The Shame of What We Are
“Why would anyone be nostalgic for unhappiness?” The teenage Art Dennison wonders this while contemplating his less than ideal childhood, and while realizing he actually misses it. Art, the main character of Sam Gridley’s novel, The Shame of What We Are, is five years old and living in 1950s New Jersey when the book begins, a child desperate to escape his parents’ constant fighting. For the next thirteen years, he is ping-ponged from coast to coast and house to house, losing himself in science fiction and his own peculiar imagination. Detachment will be Art’s defense mechanism throughout his young life.
Gridley is a former Stegner Fellow at Stanford, and his stories have been published in several journals. But The Shame of What We Are is his first printed novel—or rather, “a novel in pieces,” and this fragmentary storytelling rides in perfect pitch with the disjointed life its protagonist leads. After trying, but failing, to block out yet another parental spat, Art takes a more extreme approach that goes beyond a need to merely disassociate: “He squished his forehead into the plaster until the pain grew strong enough to balance the electric zaps of understanding.” Art refuses to make sense of the anger around him, then yearns to remain wholly separate from it. But this desire for isolation will have its own ill effects.
Like many young people, Art feels as though he is drifting without a solid place to land, a sensation which is only exacerbated by his tumultuous home life. But when he visits relatives, he glimpses a different, more stable kind of family. Alone at night, he presses a hand to the window, “but the glass pane was chilly to the touch, a reminder that he might always be separated from the genuine world even when he was on the inside.” Art has convinced himself he is different, and wonders if it is even possible for him to belong.

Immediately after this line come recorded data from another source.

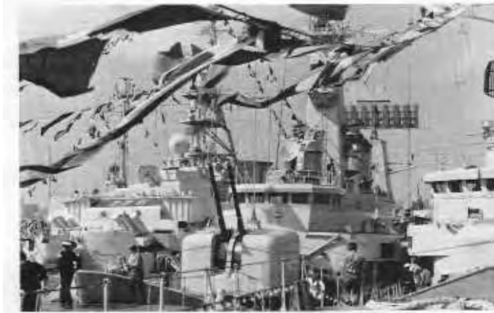
The Queen's birthday.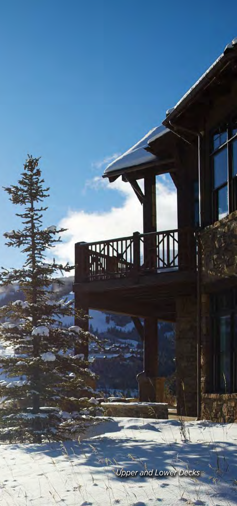
Upper and Lower Decks

This residence is located within Yellowstone Club, a 13,600 acre private, gated community located in Big Sky, Montana. Yellowstone Club is the world's only private ski and golf community, encompassing thousands of acres of private skiing along with a championship golf course designed by Tom Weiskopf. Additionally, whether looking to savor spectacular mountain panoramas, explore the vast wilderness or enjoy high-quality amenities, Yellowstone Club offers everything from fly fishing, hiking and biking trails to fine dining and spa services. Professional SnowSports, golf and outdoor recreation programs, along with dedicated children's activities, round out the unique Montana experience that is Yellowstone Club.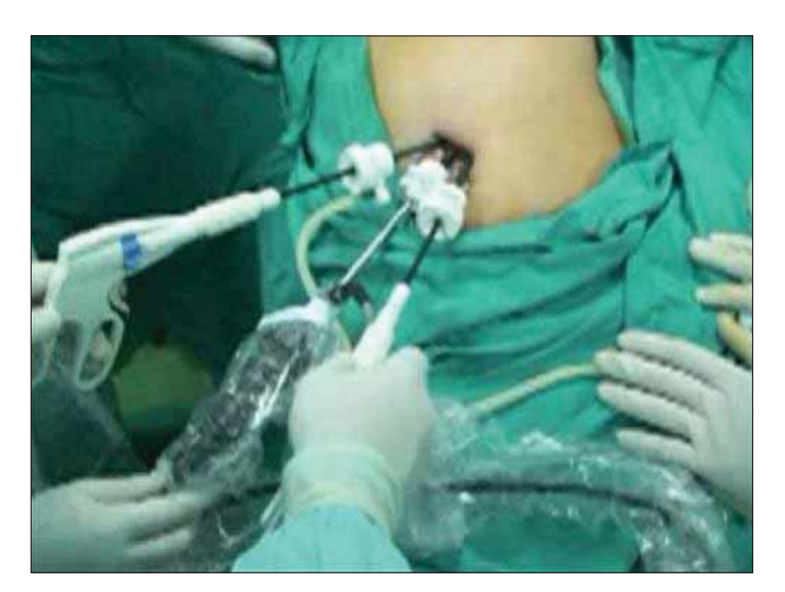
Figure 1. Transumbilical three 5 mm trocars

Although SILS practice is relatively new, it has already been applied in many surgical procedures by ambitious surgeons who always look for the best option. Many procedures such as

Filled with a self-deprecating humor, and stark, if not painful, insights into how one survives in a precarious environment, this novel slices open the veins of a confused boy and allows the reader to walk a decade inside his skin. Though at times it is uncomfortable, one cannot turn too long from the truths unfolding in these pages, and when the grown-up Art declares, “I may belong in another universe, but I do want to be human, I do, I do,” one recognizes this decision as the step forward every person must take to find his place, and his peace, in this volatile world.